Engineering the kinetic stability of a β-trefoil protein by tuning its topological complexity

Front Mol Biosci. 2023 Feb 8:10:1021733. doi: 10.3389/fmolb.2023.1021733. eCollection 2023.

Abstract

Kinetic stability, defined as the rate of protein unfolding, is central to determining the functional lifetime of proteins, both in nature and in wide-ranging medical and biotechnological applications. Further, high kinetic stability is generally correlated with high resistance against chemical and thermal denaturation, as well as proteolytic degradation. Despite its significance, specific mechanisms governing kinetic stability remain largely unknown, and few studies address the rational design of kinetic stability. Here, we describe a method for designing protein kinetic stability that uses protein long-range order, absolute contact order, and simulated free energy barriers of unfolding to quantitatively analyze and predict unfolding kinetics. We analyze two β-trefoil proteins: hisactophilin, a quasi-three-fold symmetric natural protein with moderate stability, and ThreeFoil, a designed three-fold symmetric protein with extremely high kinetic stability. The quantitative analysis identifies marked differences in long-range interactions across the protein hydrophobic cores that partially account for the differences in kinetic stability. Swapping the core interactions of ThreeFoil into hisactophilin increases kinetic stability with close agreement between predicted and experimentally measured unfolding rates. These results demonstrate the predictive power of readily applied measures of protein topology for altering kinetic stability and recommend core engineering as a tractable target for rationally designing kinetic stability that may be widely applicable.
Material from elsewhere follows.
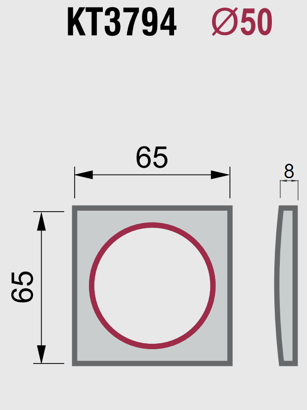Декоративний щиток DISEC KT3794 серії KUBO до захисних протекторів DISEC діаметром 50мм (серій BDS, DIAMOND, KRIPTON, MONOLITO, MAG ROUND).

Keywords: absolute contact order; kinetic stability; long-range order; protein engineering; protein topology; structure-based models; β-trefoil.

Grants and funding

We gratefully acknowledge funding from NSERC DG to EM, and NSERC CGS, NSERC MSFSS, and OGS to DA. LPJ was supported by a Women Scientist A fellowship (SR/WOS-A/CS-64/2018, 3 years, wef 01 February 2019), from the Department of Science and Technology (DST), Govt of India.